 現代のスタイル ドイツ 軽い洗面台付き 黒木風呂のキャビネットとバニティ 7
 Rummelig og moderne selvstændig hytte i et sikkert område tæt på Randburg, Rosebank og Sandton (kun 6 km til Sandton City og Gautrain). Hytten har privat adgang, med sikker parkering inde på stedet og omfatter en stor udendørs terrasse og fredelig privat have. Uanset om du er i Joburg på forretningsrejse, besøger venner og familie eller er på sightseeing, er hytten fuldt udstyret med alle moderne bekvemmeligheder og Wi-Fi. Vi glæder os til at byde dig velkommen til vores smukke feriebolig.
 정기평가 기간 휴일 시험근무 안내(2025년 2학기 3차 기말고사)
-*-
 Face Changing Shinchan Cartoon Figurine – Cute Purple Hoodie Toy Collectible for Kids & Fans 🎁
-*-
_WORK TO COMPLETE_
Everything above from the line with "現代のスタイル ドイツ 軽い洗面台付き 黒木風呂のキャビネットとバニティ 7" to the line with "정기평가 기간 휴일 시험근무 안내(2025년 2학기 3차 기말고사)", both included, must be repeated exactly, and nothing outside that range.

_RESULT OF THE TASK_
 現代のスタイル ドイツ 軽い洗面台付き 黒木風呂のキャビネットとバニティ 7
 Rummelig og moderne selvstændig hytte i et sikkert område tæt på Randburg, Rosebank og Sandton (kun 6 km til Sandton City og Gautrain). Hytten har privat adgang, med sikker parkering inde på stedet og omfatter en stor udendørs terrasse og fredelig privat have. Uanset om du er i Joburg på forretningsrejse, besøger venner og familie eller er på sightseeing, er hytten fuldt udstyret med alle moderne bekvemmeligheder og Wi-Fi. Vi glæder os til at byde dig velkommen til vores smukke feriebolig.
 정기평가 기간 휴일 시험근무 안내(2025년 2학기 3차 기말고사)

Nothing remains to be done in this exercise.